American executive (born 1949)

Alfred Gwynne Vanderbilt III (born December 20, 1949) is a retired public relations executive. Vanderbilt was heavily involved in the return of the Grammys to New York. He also organized operation sail, a plan to bring tall ships to the New York Harbor for the 500th anniversary of Columbus's journey to the Americas. He is the father of James Platten Vanderbilt, son of Alfred Gwynne Vanderbilt Jr., and the grandson of Alfred Gwynne Vanderbilt. His great-grandfather, Cornelius Vanderbilt II, was one of America's most revered businessmen; his great-great-grandfather, William Henry Vanderbilt was the richest man in the world.

==Early years==
Vanderbilt graduated from the Buckley School in New York in 1964. His family traveled extensively and some of his high school years were spent in other countries before graduating from Loyola School in New York.
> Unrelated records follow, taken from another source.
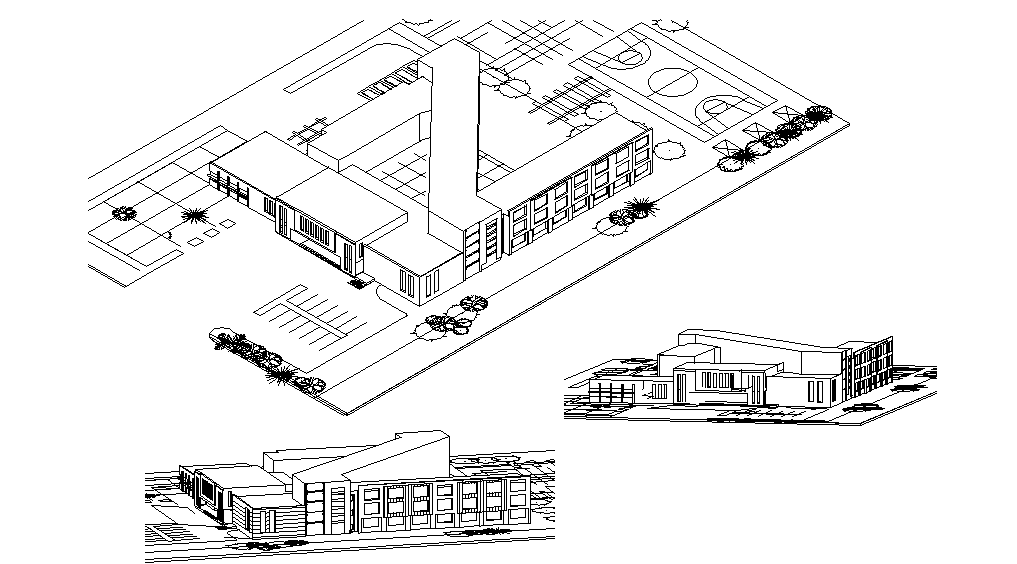 3 D commercial elevation detail dwg file, 3 D commercial elevation detail with furniture detail with door and window detail, landscaping detail with tree detail, front elevation detail, side elevation detail, back elevation detail, etc.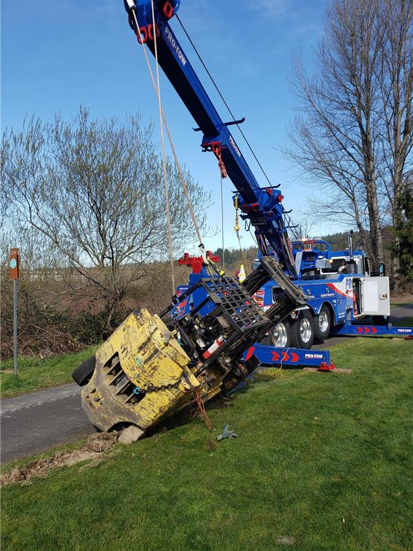 Pro-Tow offers round-the-clock emergency towing services. While many of our recoveries involve semi-trucks and other heavy trucks, equipment recovery is also a service we offer. We once helped lift a military tank to change a flat tire! If you need something heavy lifted and moved, we can help. Learn more about Pro-Tow services.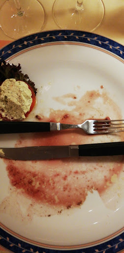 I. Tartare as starter: the meat was mixed with paprika and meat taste was completely covered; II. The bread we got with the tartare was old, re-warmed and re-cooled; III. I ordered an Argentinian Rumpsteak 250gr. medium rare. Doubt about the weight, wrong cut, a bit overcooked and almost well done, almost tasteless, tougher than expected. French fries too salty; IV. Hungry and still optimist I ordered an American Roastbeef 450gr. medium rare. Right weight, right cut, again overcooked but fortunately kinda tasty although tough; V. Less optimist, incredulous meatlover - but still curious - I ordered an American Ribeye 340gr. medium rare. The waitress asked me if I am eating at home or not (doubtful humor), steak arrived, wrong cut, totally fatty and soggy. It was neither possible to define the doneness, left 1/4; VI. Dessert menu poor, mainly ice creams, no cakes, decided for the typical Apple Rings fried, fortunately they were good.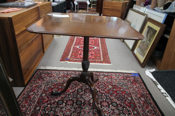 Size: 24 Diameter 28H Color/Mat'l/Artist: "Mahogany Wood, Glass Protected, Reeded Base, Queen Anne Legs" |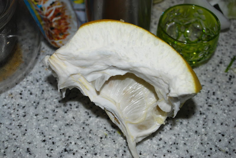 これだけの皮の厚さがあれば実は小さくなるのは当然だ。皮の部分でも、黄色い表皮以外の白っぽいところがザボン漬けになるところだ。ここは良い匂いがしてみみず君もすぐ食べてしまうような気がするのだが。

Vanderbilt started a Rock 'n Roll band called The Four Fifths in 1965. The band was signed to Columbia Records and released "If You Still Want Me" and "Have You Ever Loved A Girl", published by Scope Music Inc. (BMI) in November 1966, record JZSP 116493 and 116494.

==Career==
Vanderbilt did not follow his father into the family horse-racing business, instead forming a career in public relations. Vanderbilt started working as an associate at Carl Byoir & Associations in New York City in 1981, and worked at other firms including Hill and Knowlton, Inc. before starting his own agency, The Vanderbilt Agency, New York City, in 1990 where he was president and chief executive officer before retiring in 2017.
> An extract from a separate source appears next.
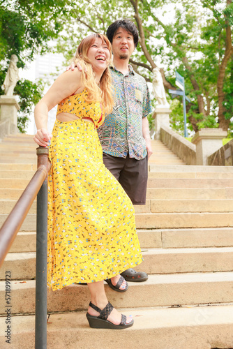 Naklejka premium 階段の手すりに寄り添い肩を並べる男女
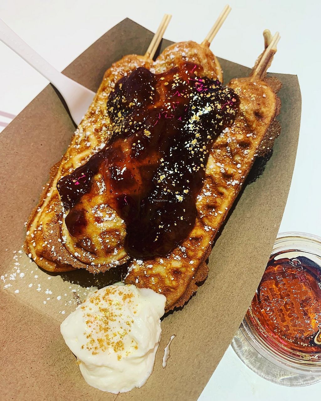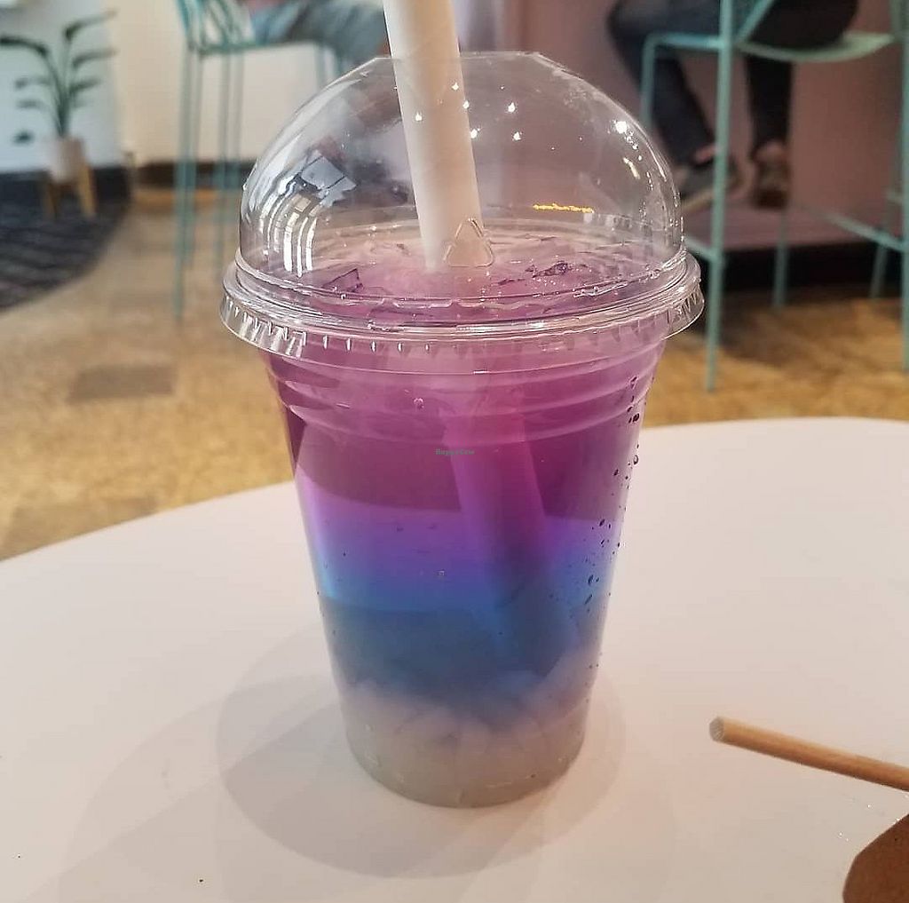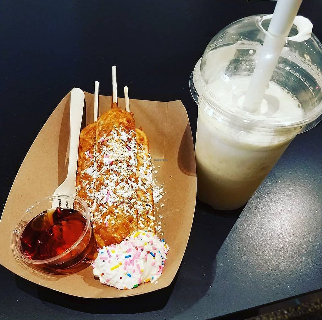 Waffles with straw and cream SO YUM and iced sweetened butterfly pea f…

==Vanderbilt Cemetery Association==
In 2010, Vanderbilt created the Vanderbilt Cemetery Association to preserve the Vanderbilt family mausoleum and cemetery at the Moravian Cemetery in New Dorp on Staten Island, New York.

==Personal life==
Vanderbilt became engaged to Alison Platten in June 1971 and they married on August 18, 1971. They had two children, James Platten Vanderbilt and Travis Murray Vanderbilt, before divorcing in 2016.

Vanderbilt has organized Vanderbilt family reunions and lectures about the Vanderbilts.